AI’s Swiss Cheese Capabilities
Another gem from Andrej Karpathy's Deep Dive into LLMs like ChatGPT is his likening of AI capabilities to Swiss cheese: Delicious all around but with big holes in it.
Imagine conversing with someone for the first time at a social event. You discuss some current affairs topics, and the person comes across as genuinely knowledgeable and thoughtful. Then you switch topics to sports, and not only do they not know what soccer is, they don't even know what a ball is. This is quite unthinkable for humans, but commonplace with AI.
Now it's true that people can be brilliant in certain areas and lacking in other, yet we have built up an intuition of what we can expect from each other based on demonstrated capabilities.
The "Swiss Cheese" model of AI capabilities tells us that, with generative AI, we cannot rely on that intuition. These models can stun us with super-human performance in one domain and then frustrate us with basic mistakes and gaps in another.
The takeaway for running a successful AI initiative is that each new task and application of AI requires its own set of evaluations.
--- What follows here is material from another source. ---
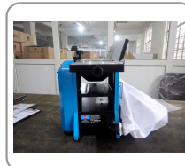
Sistema de aspiración integrado (con bolsa de recogida de virutas)
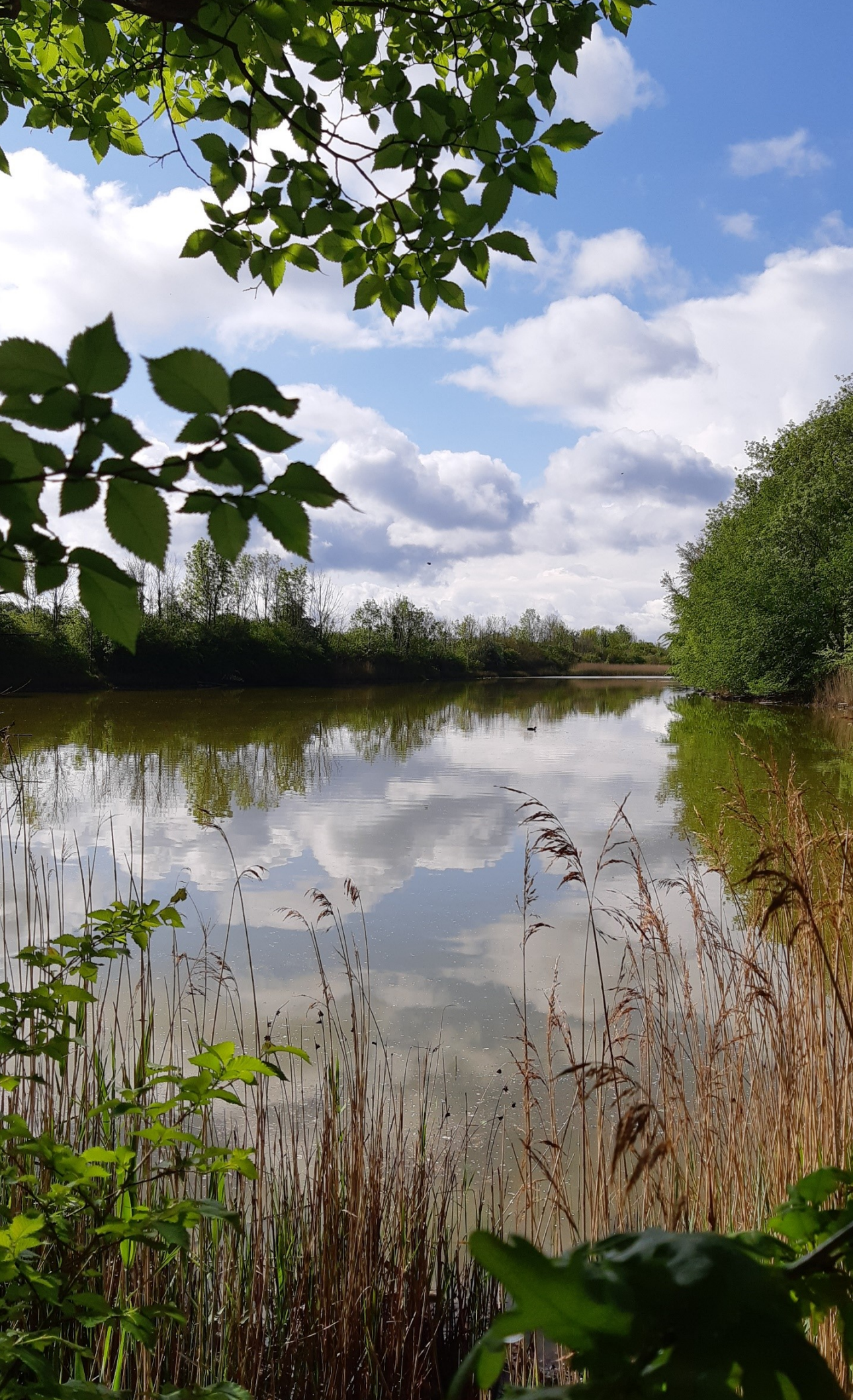
De Pluimpot bij Sint-Maartensdijk en karakteristieke elementen van andere kernen

You cannot rely on simple interpolation: "If it knows X and Z, then clearly it must know Y".
This is true both at the macroscopic and microscopic level:
Just because an AI model is good at writing code, which requires sound structured thinking, doesn't mean it'll be good at other tasks that require sound structured thinking, such as writing legal documents.
Just because the AI can do specific coding tasks surprisingly well doesn't mean it won't make mindbogglingly basic mistakes in others.
While these hilarious mistakes sometimes make for viral tweets, they'll also erode trust in the AI tools that rely on them. Better to check with solid evals and good testing how well AI performs on your tasks before blindly trusting that it should know what it's doing.